Pope urges 'rebirth' of Italian quake zone




Pope Benedict XVI on Tuesday called for a "rebirth" of central Italy's Abruzzo region as he paid an emotional visit to survivors of an earthquake that claimed nearly 300 lives three weeks ago.

"I would like to hug you affectionately one by one," the pontiff said at a tent camp for homeless survivors in the worst-hit town of Onna, near the Abruzzo capital L'Aquila.

"The entire Roman Catholic Church is with me, close to your suffering, sharing your pain for the loss of loved ones," he said. "I encourage everyone, institutions and businesses, to see that this village and this region are reborn."

The village of just 350 inhabitants lost some 40 of its residents in Italy's worst earthquake in a generation.

The April 6 quake killed 295 people and left some 65,000 homeless, more than half of whom were still sheltering in tent camps around L'Aquila, the quake's epicentre some 100 kilometres 60 miles northeast of Rome.

More than 10,000 homes were destroyed.

In L'Aquila itself, the pope commented on charges that thousands of dwellings had collapsed because of lax building practices.

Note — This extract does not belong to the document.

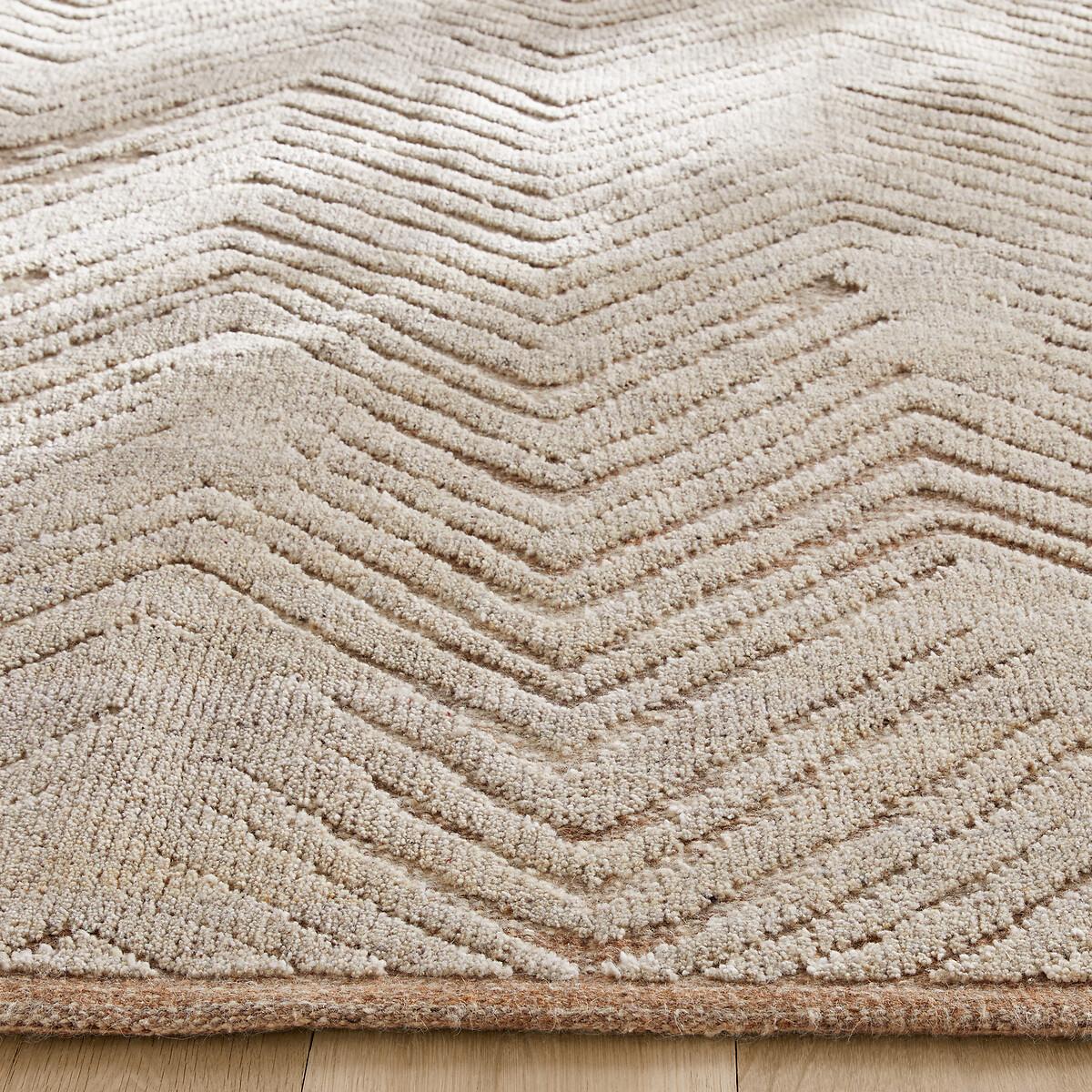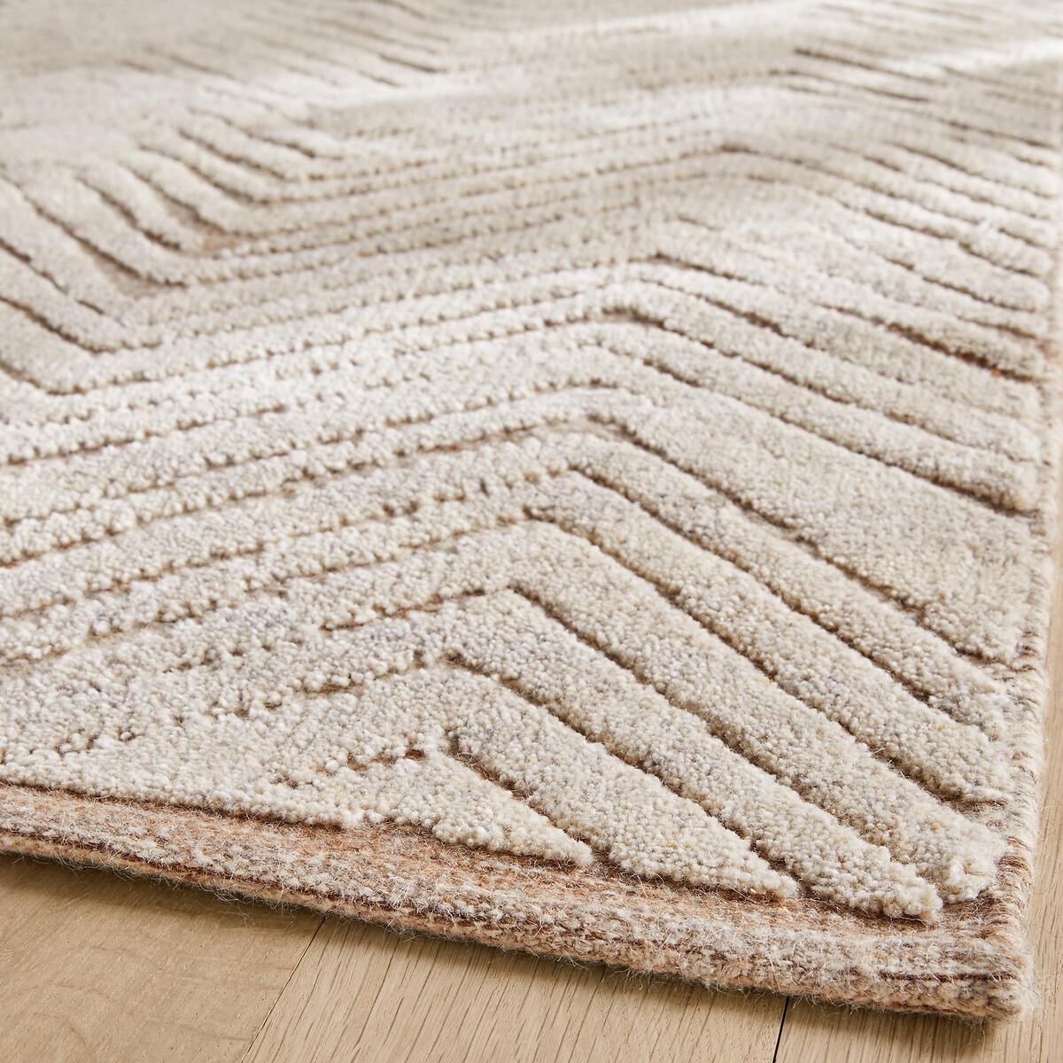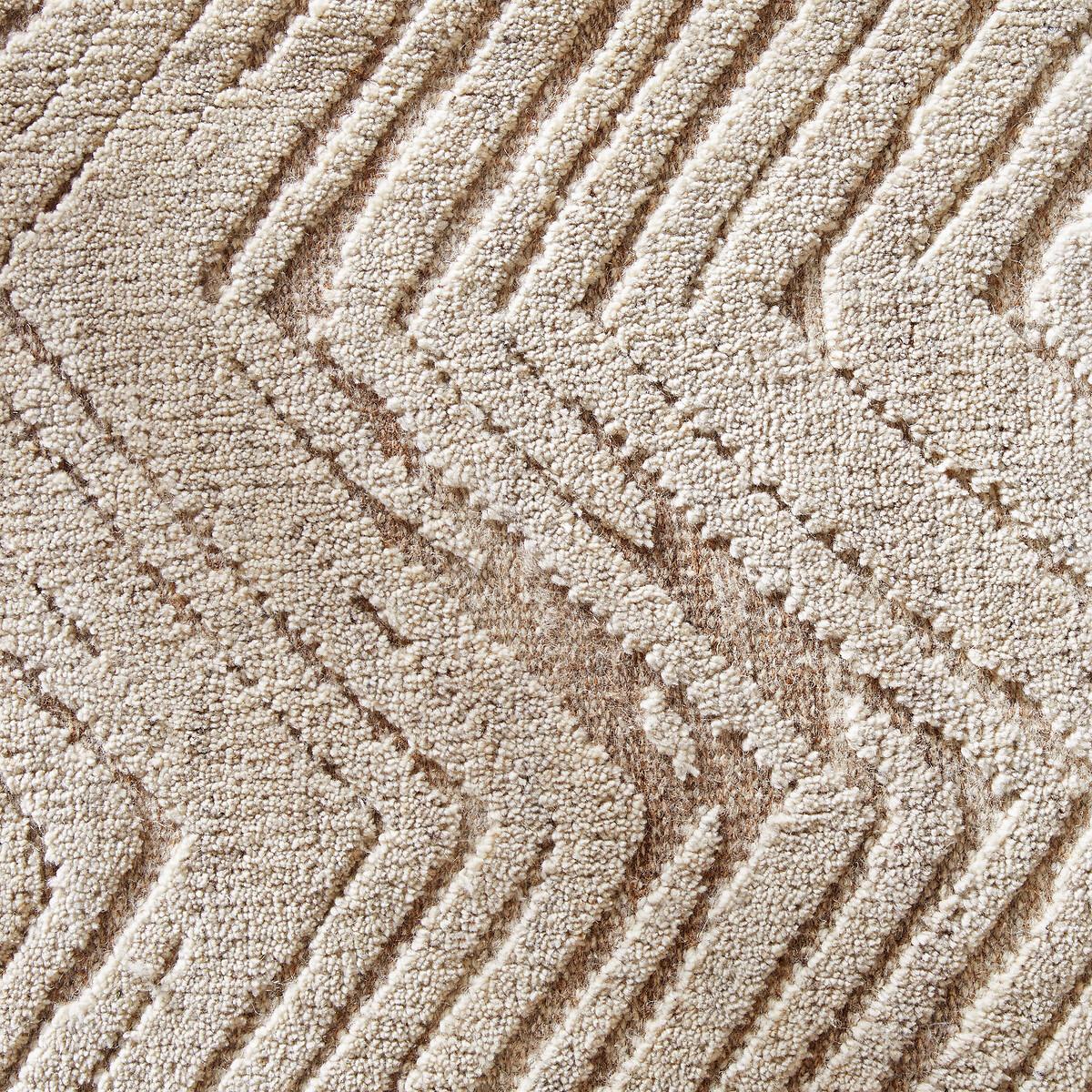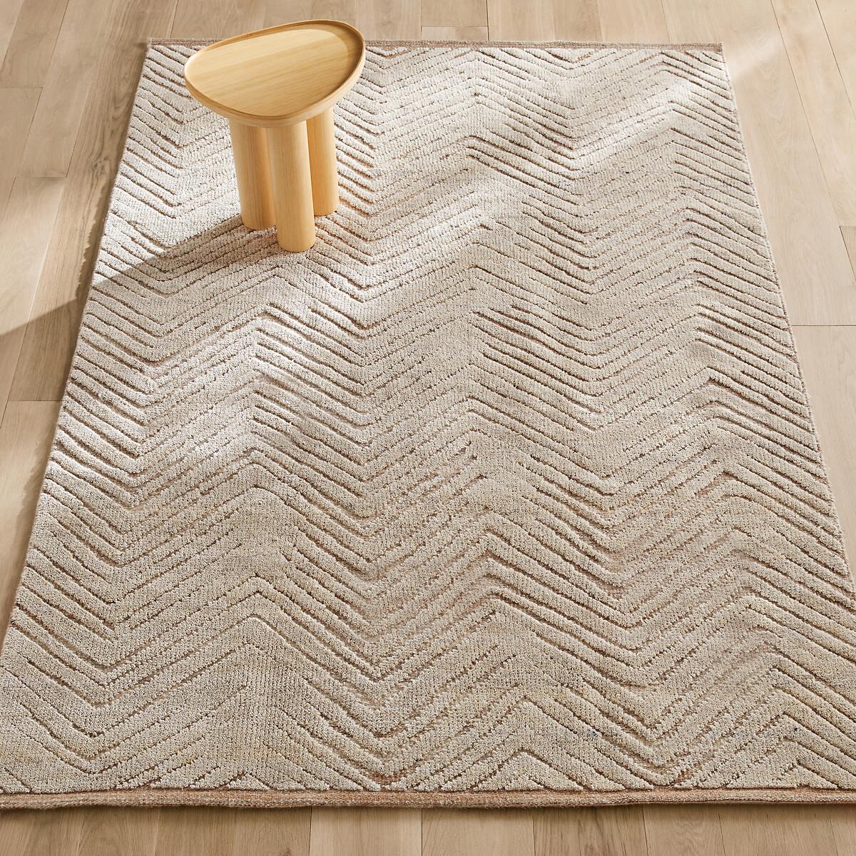 In mottled wool, Nykare is a dense, comfortable and warm contemporary rug. Its irregular chevrons are woven and knotted by hand with skill, by Indian artisans. Its pattern, punctuated by a few small coloured threads, is formed by the texture of the weaving on a darker flat woven background.. Nykare is also a good heat and sound insulator. An AMPM design that'll work in any room. Product Details • 70% wool, 22% polyester, 8% cotton • Craftsmanship:Hand woven • Weight: 2400 g/m2 • Pile height: 6 to 8mm. Quality Info • Handcrafted, each piece is unique and has its own shades of colour that may differ from one rug to another. • Wool is a warm and comfortable fibre. A wool rug is also an excellent thermal and sound insulator. Care Advice • Some materials such as wool are very fibrous and you can actually observe a piling during the first weeks of use: this is a normal for this type of product and is not a defect. Remove the excess fibres by hand where possible, do not use a vacuum cleaner with a rotating brush as this can pull and tear the fibres. The pilling will improve over time. • We advise you to vacuum it very little the first month and then to vacuum it without rubbing too much always without using the brush. • Remove any stains immediately with a clean, damp cloth. • Dry clean recommended. Sizes • Width 120 x Length 180cm • Width 160 x Length 230cm • Width 200 x Length 290cmDelivery:. Available for home delivery.

"As a civil society, we must make a serious examination of conscience to ensure that at any moment the level of responsibility is at its height," he said.

"That way, L'Aquila, wounded as she is, can once again take flight," the pope told several hundred people at a military academy just outside L'Aquila, which means "eagle" in Italian.

The military academy in the suburb of Coppito was the site of a mass funeral for 205 of the quake victims on April 10, a day that saw Benedict leading Good Friday observances in Rome and at the Vatican.

Last week Italian Prime Minister Silvio Berlusconi made the surprise announcement that his cabinet had backed a proposal for the site to host a Group of Eight summit in July over the original choice of La Maddalena, an island off Sardinia. The idea still needs green-lighted from other G8 leaders.

The pontiff, who led Easter celebrations at the Vatican just six days after the disaster, also stopped at a dormitory in L'Aquila where eight students died.

Apart from the human cost, the earthquake also exacted a heavy toll on the medieval and Renaissance architecture that abounds in the Abruzzo region.

The pope visited L'Aquila's Santa Maria di Collemaggio basilica that suffered serious damage.

The church first built in the 13th century, already destroyed and rebuilt after an earthquake in 1703, is a major pilgrimage site as it houses the remains of the "hermit pope" Celestine V.

Celestine, a mountain recluse who was crowned pope in the basilica in 1294, resigned only a few months later in protest over corruption in the Roman Catholic Church, and has since been made a saint.

In homage to his humble predecessor, the pope offered the woollen shawl or pallium he received when he was inaugurated as pontiff in 2005.

Benedict's predecessor Pope John Paul II visited the central Umbria region three months after twin earthquakes killed 12 people and caused serious damage to the famous Basilica of Saint Francis in Assisi in 1997.